Extracted records:

==*==

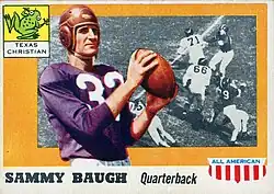 Baugh was also a baseball player at TCU, where he played third base.[1][9] It was during his time as a baseball player that he earned the nickname "Slinging Sammy",[9] which he got from a Texas sportswriter.[1] After college, Baugh signed a contract with the St. Louis Cardinals and was sent to the minor leagues to play with the American Association Columbus Red Birds, after being converted to shortstop. He was then sent to the International League's Rochester, New York Red Wings, St. Louis's other top farm club.[1] While there he received little playing time behind starting shortstop Marty Marion[1] and was unhappy with his prospects. He then turned to professional football.[9]
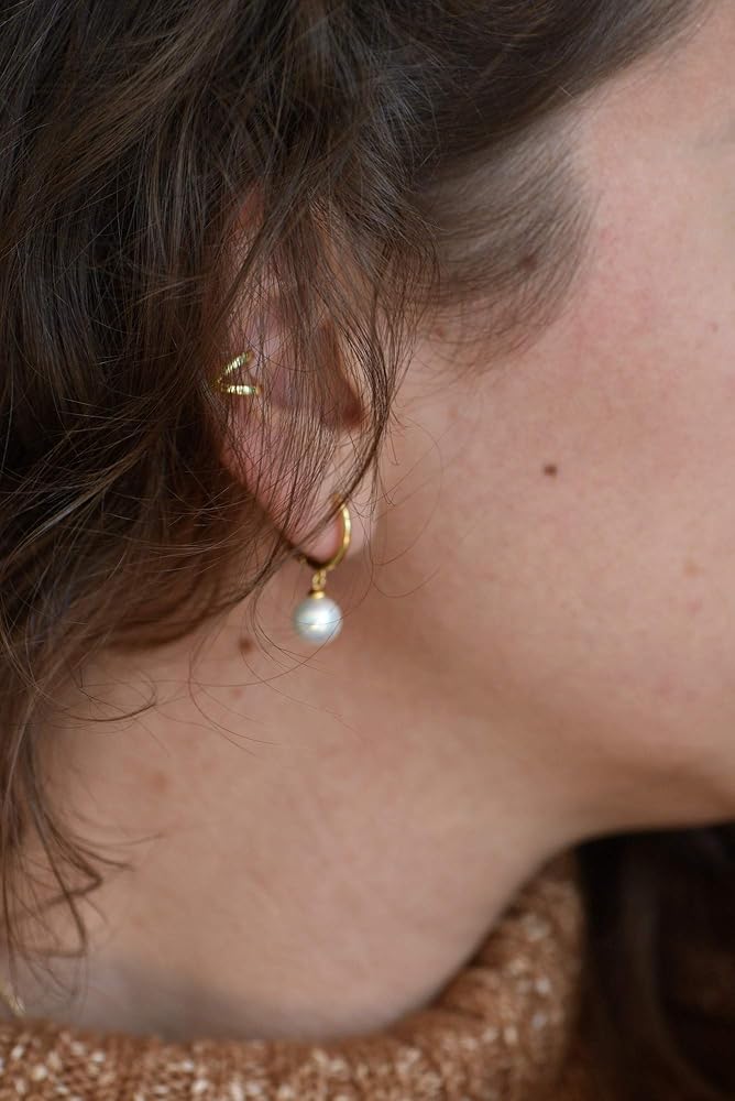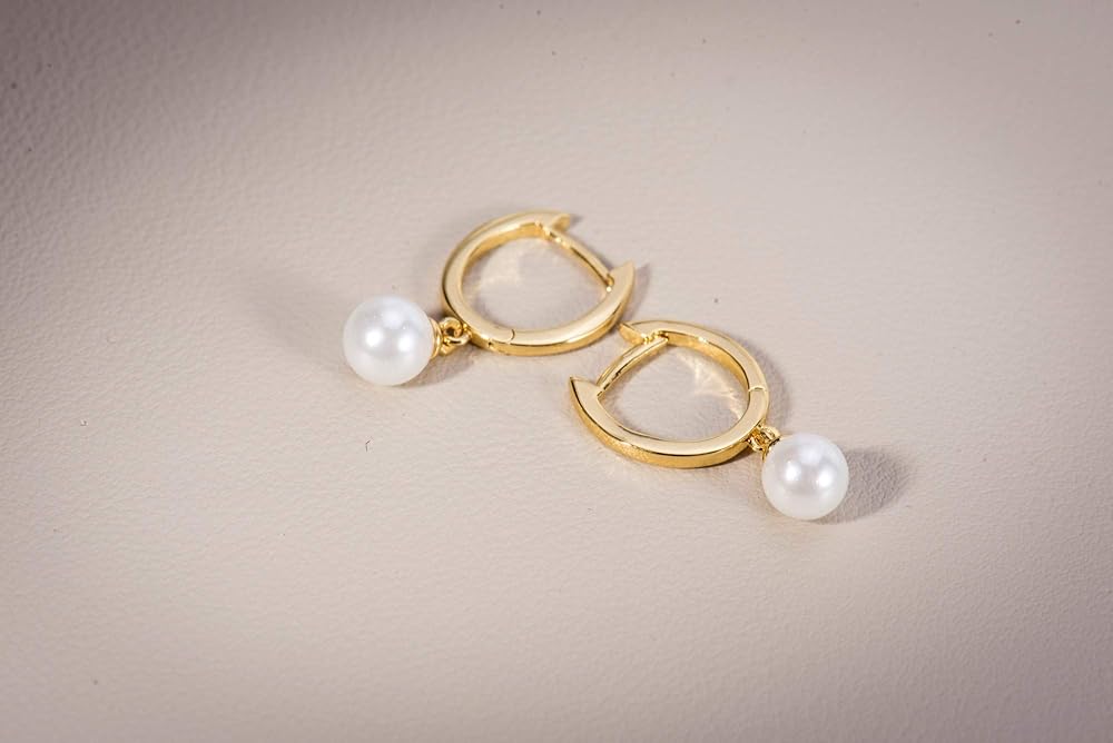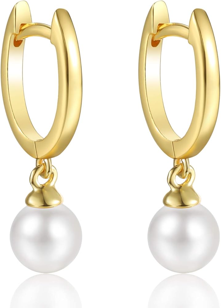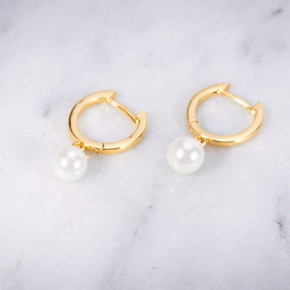 أقراط لؤلؤية مطلية بالذهب عيار 18 قيراط أقراط هوجي هوب صغيرة | أقراط اللؤلؤ الذهبية | الأطواق اليومية اللذيذة | مجوهرات هدايا العروسة
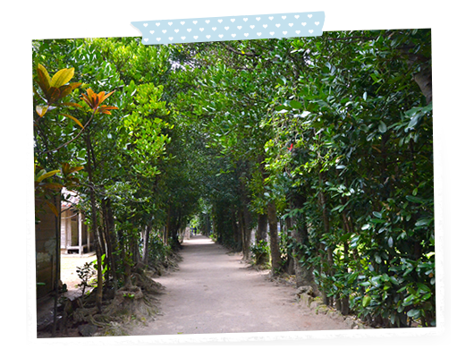 台風や海風の強い沖縄で防風林として利用されるフクギの並木が残るのどかな小道。まるで時間が止まったかのような、昔ながらの沖縄の風景が広がり、並木越しに海が見える場所も。そんな景観を生かしたカフェや宿も増えており、散歩する人の姿もちらほら。ただ、実際に暮らしている人もいるのでマナーを守って見学しよう。
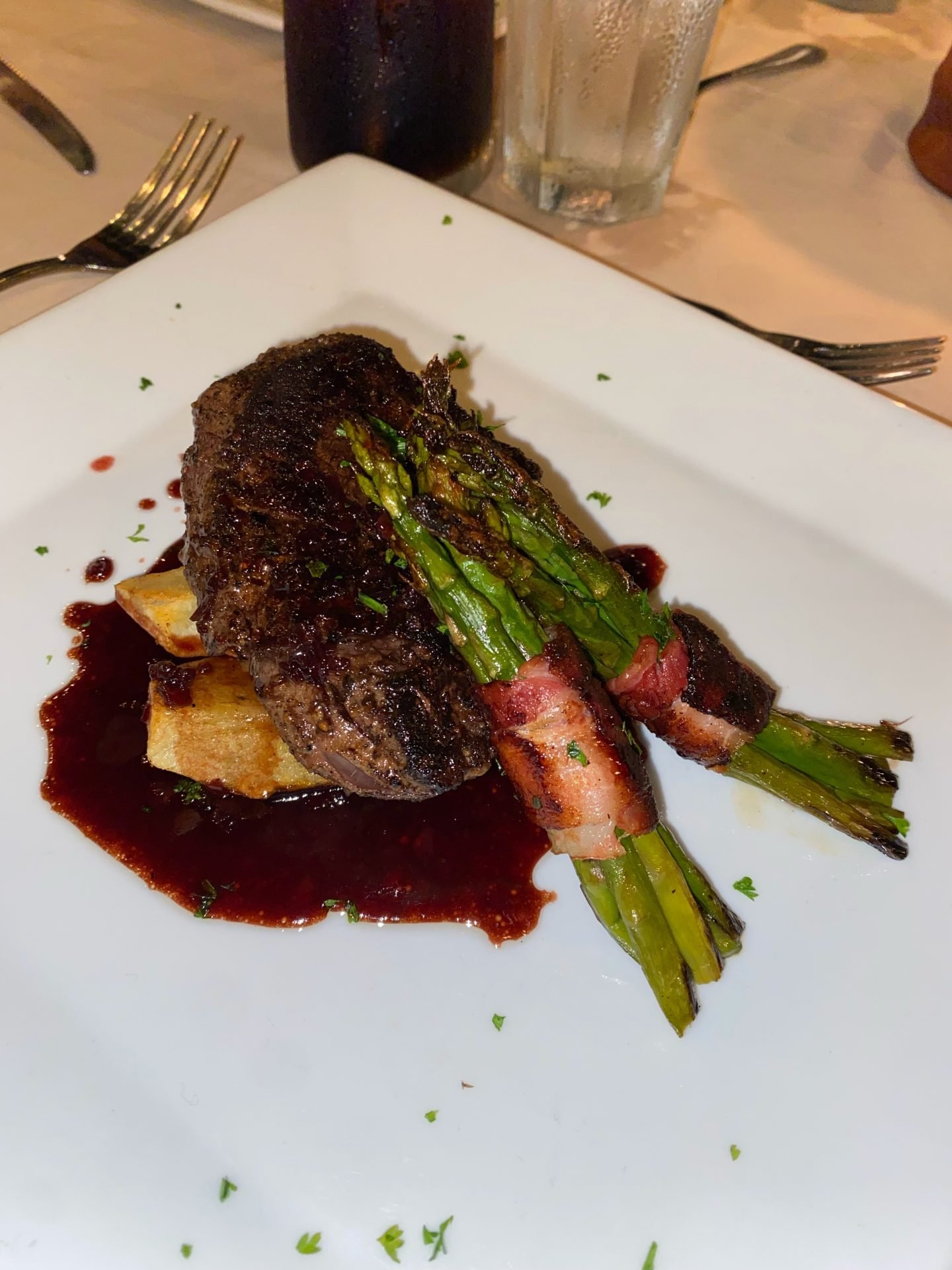String lights beneath coconut trees and tabletop oil lanterns greet the night, which makes an incredible ambiance for enhanced privacy and closeness. After all, you are on a private island in the middle of the Caribbean Sea in Belize. Dinner service rolls out three courses as the nightly custom, and that night, guests could choose between filet mignon with roasted potatoes and bacon-wrapped asparagus, or duck breast with a fresh cranberry sauce over sautéed veggies and purple yampi purée. And of course, dessert: cheesecake with a fresh strawberry compote.
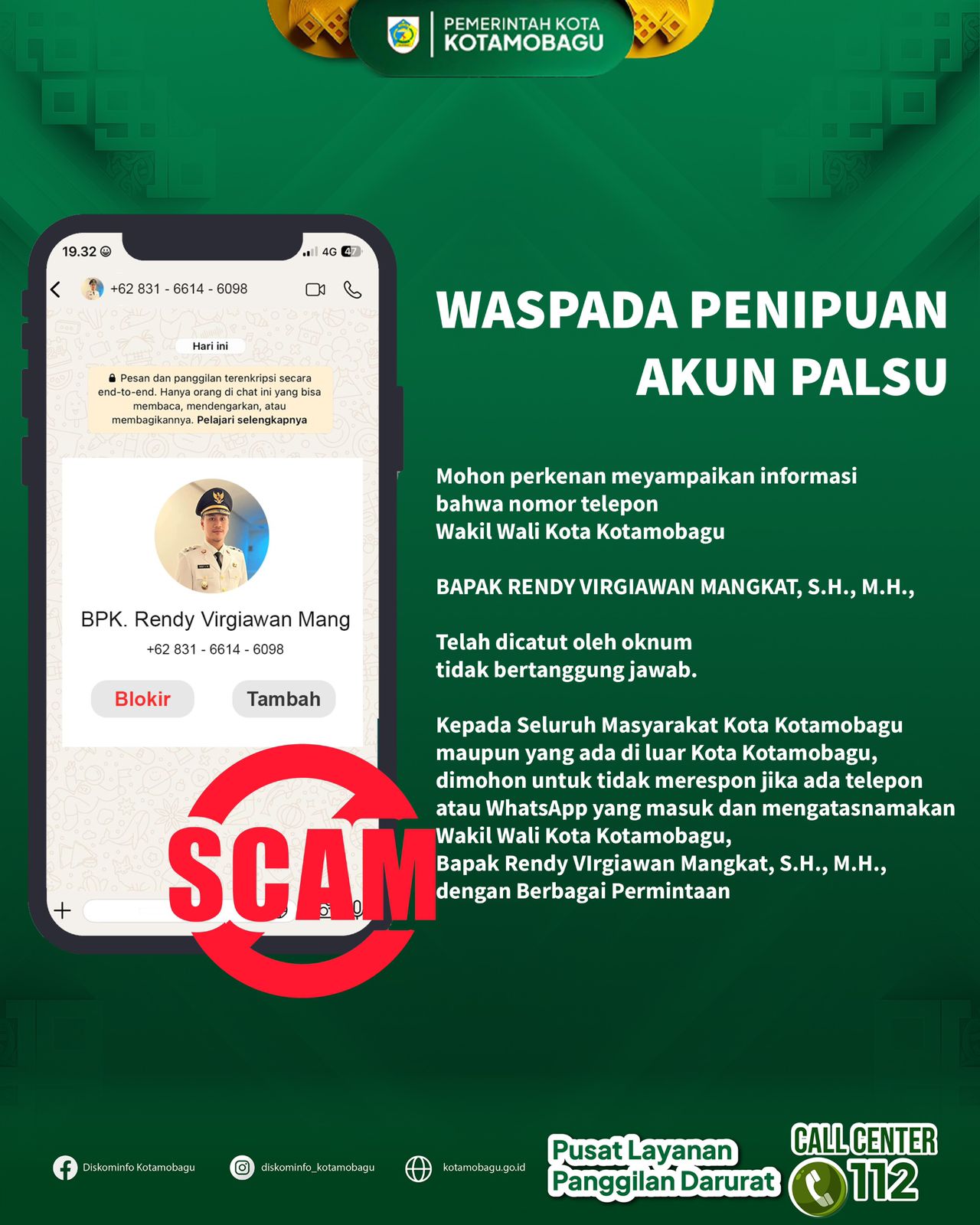 DetailNews.id, Kotamobagu – Aksi penipuan dengan mencatut nama Wakil Wali Kota Kotamobagu, Rendy Virgiawan Mangkat, dilaporkan mulai marak. Masyarakat pun diminta meningkatkan kewaspadaan terhadap berbagai modus yang dilakukan oleh oknum tidak bertanggung jawab.
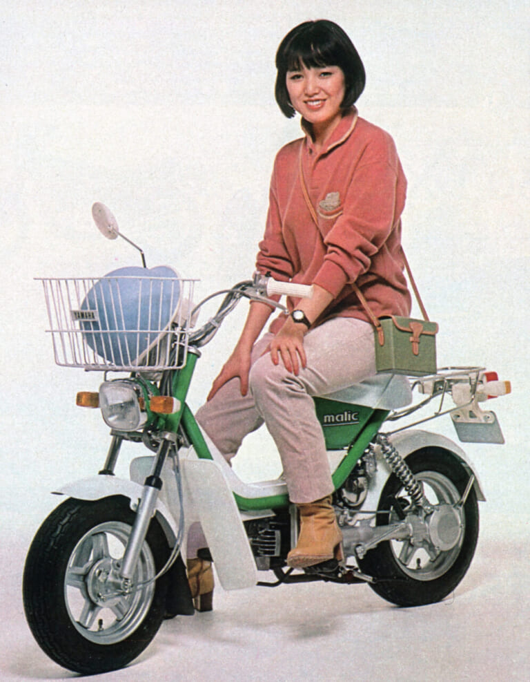 当時の原付業界は市場が大きかったので、宣伝には芸能人がバンバン登場した。1979年発売のヤマハ・マリックに跨がるのは、女優の桃井かおりさんだ。
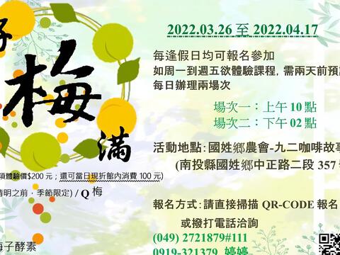 來南投國姓鄉製作好梅,是春季限定梅好體驗!想起梅子酸酸甜甜的滋味口水不自覺流下來~趕緊出發體驗梅好時光吧!
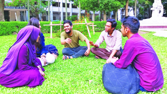 আবার ঈদের ছুটি। লাল বাসগুলো ছেড়ে যেতে শুরু করেছে। কোলাহলপূর্ণ ক্যাম্পাসে সুনসান নীরবতা। শিক্ষার্থীদের কেউ পোঁটলা গুছিয়ে দৌড় দিয়েছে বাস ধরতে। কেউ ঢিমেতালে নিচ্ছে টিকিট কাটার প্রস্তুতি। তবে শেষ দিনেও আড্ডার সুযোগ হাতছাড়া করেনি কয়েকজন। ঢাকা বিশ্ববিদ্যালয়ের কলা অনুষদের সামনে তাদের সঙ্গে বসেছিলেন সিফাত রাব্বানী।
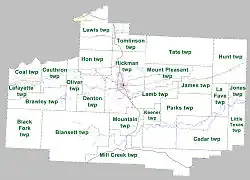 Townships in Arkansas are the divisions of a county. Each township includes unincorporated areas; some may have incorporated cities or towns within part of their boundaries. Arkansas townships have limited purposes in modern times. However, the United States census does list Arkansas population based on townships (sometimes referred to as "county subdivisions" or "minor civil divisions"). Townships are also of value for historical purposes in terms of genealogical research. Each town or city is within one or more townships in an Arkansas county based on census maps and publications. The townships of Scott County are listed below; listed in parentheses are the cities, towns, and/or census-designated places that are fully or partially inside the township. [19][20]
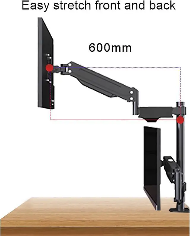 FULLY ADJUSTABLE - The adjustable gas spring system ensure easy positioning of your monitor in any desirable position, Adjustment is not stuck, supports high and low lift, front and back stretch, and screen rotation to find the best ergonomic position.
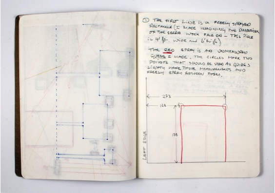 Using sketches and instructions from the notebooks, a team of artists at Colby created Permanent Maintenance. Soriano arrived at the forms of Permanent Maintenance by mapping, mirroring, and demarcating aspects of the Colby campus, and through seemingly irrational, intuitive mark-making only loosely tied to systems of representation. Throughout the drawing, his graphic signs seem based on visual languages designed to avoid ambiguity: architectural plans, surveyor�s marks, and mechanical diagrams. However, viewers who engage with Permanent Maintenance will find frustration a condition of the work. Inscrutable layered marks and notations (arrows, dash lines, X-marks) seem purposeful, direct. Yet to pursue these signs is to encounter a morass of lost information, directives impossible to follow, irrecoverable intentionality. Even as Soriano invokes causal systems, productivity, and the optimism of construction, he undermines the implied functionalism of the diagrammatic visual languages from which he borrows. The systems he evokes relate most immediately to the mechanical operations of the Colby campus. More broadly, these systems point to institutional structures, educational systems, and perhaps even the perpetual expansion and upgrading of the American college campus.
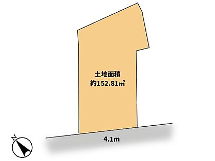 | 土地面積/坪(坪単価) | 152.81m2(登記簿)/46.31坪(75.10万円) | 代表的な接道 | 一方 ※詳細は備考欄をご確認ください |
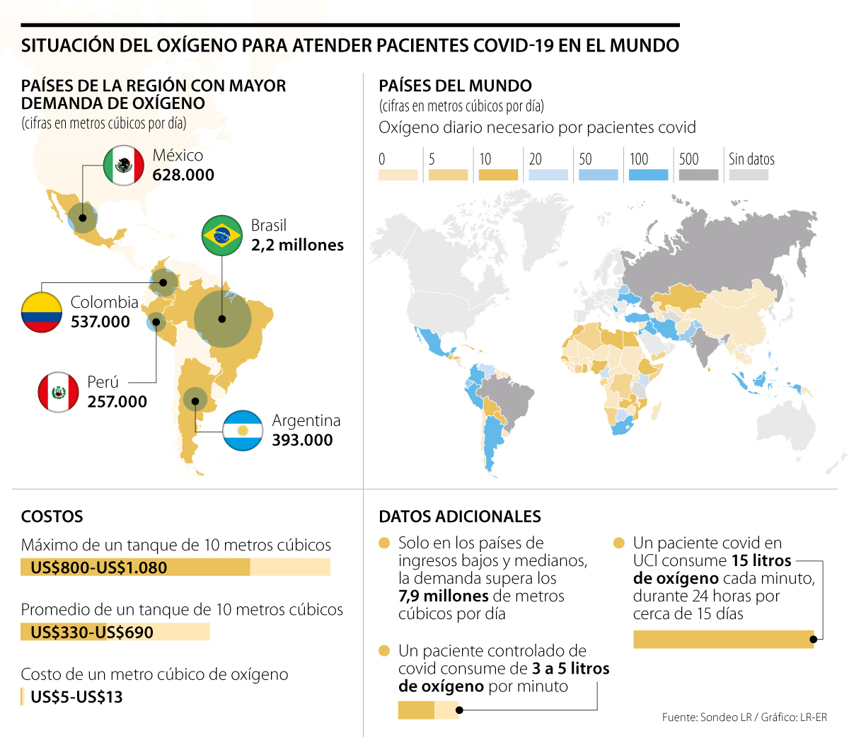 Allí, el problema no ha sido solamente el desabastecimiento, que durante febrero dejó a 18 hospitales sin suministro durante tres días, sino también el incremento desbordado de los precios de los tanques de oxígeno. El tanque de diez metros cúbicos puede llegar a costar entre US$330 y US$690, mientras que el metro cúbico se comercializa entre US$5 y US$13.
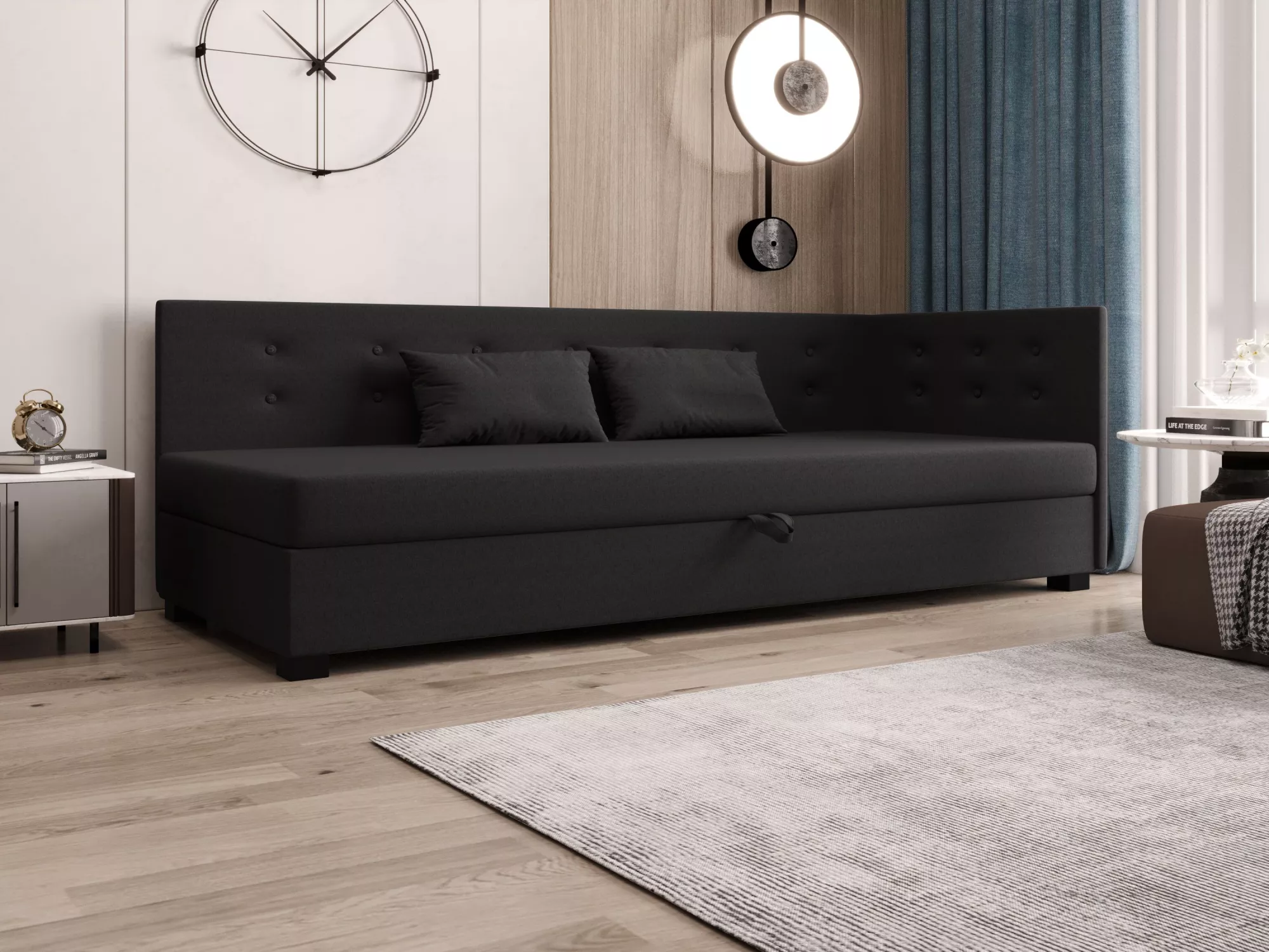 Jednolůžková postel 80x195 AJKA PLUS 1 na první pohled zaujme svým vysokým prošívaným čelem, které zabraňuje poškrábání a zašpinění zdi. Postel skvěle zapadne do každého studentského pokoje. Nechybí ani praktický úložný prostor pro uložení lůžkovin nebo sezónního oblečení.

==*==

Output exactly the lines of the listing above that start with the one holding "当時の原付業界は市場が大きか" and go on through the one holding "FULLY ADJUSTABLE - The"; leave the pictures out.

 当時の原付業界は市場が大きかったので、宣伝には芸能人がバンバン登場した。1979年発売のヤマハ・マリックに跨がるのは、女優の桃井かおりさんだ。
 來南投國姓鄉製作好梅,是春季限定梅好體驗!想起梅子酸酸甜甜的滋味口水不自覺流下來~趕緊出發體驗梅好時光吧!
 আবার ঈদের ছুটি। লাল বাসগুলো ছেড়ে যেতে শুরু করেছে। কোলাহলপূর্ণ ক্যাম্পাসে সুনসান নীরবতা। শিক্ষার্থীদের কেউ পোঁটলা গুছিয়ে দৌড় দিয়েছে বাস ধরতে। কেউ ঢিমেতালে নিচ্ছে টিকিট কাটার প্রস্তুতি। তবে শেষ দিনেও আড্ডার সুযোগ হাতছাড়া করেনি কয়েকজন। ঢাকা বিশ্ববিদ্যালয়ের কলা অনুষদের সামনে তাদের সঙ্গে বসেছিলেন সিফাত রাব্বানী।
 Townships in Arkansas are the divisions of a county. Each township includes unincorporated areas; some may have incorporated cities or towns within part of their boundaries. Arkansas townships have limited purposes in modern times. However, the United States census does list Arkansas population based on townships (sometimes referred to as "county subdivisions" or "minor civil divisions"). Townships are also of value for historical purposes in terms of genealogical research. Each town or city is within one or more townships in an Arkansas county based on census maps and publications. The townships of Scott County are listed below; listed in parentheses are the cities, towns, and/or census-designated places that are fully or partially inside the township. [19][20]
 FULLY ADJUSTABLE - The adjustable gas spring system ensure easy positioning of your monitor in any desirable position, Adjustment is not stuck, supports high and low lift, front and back stretch, and screen rotation to find the best ergonomic position.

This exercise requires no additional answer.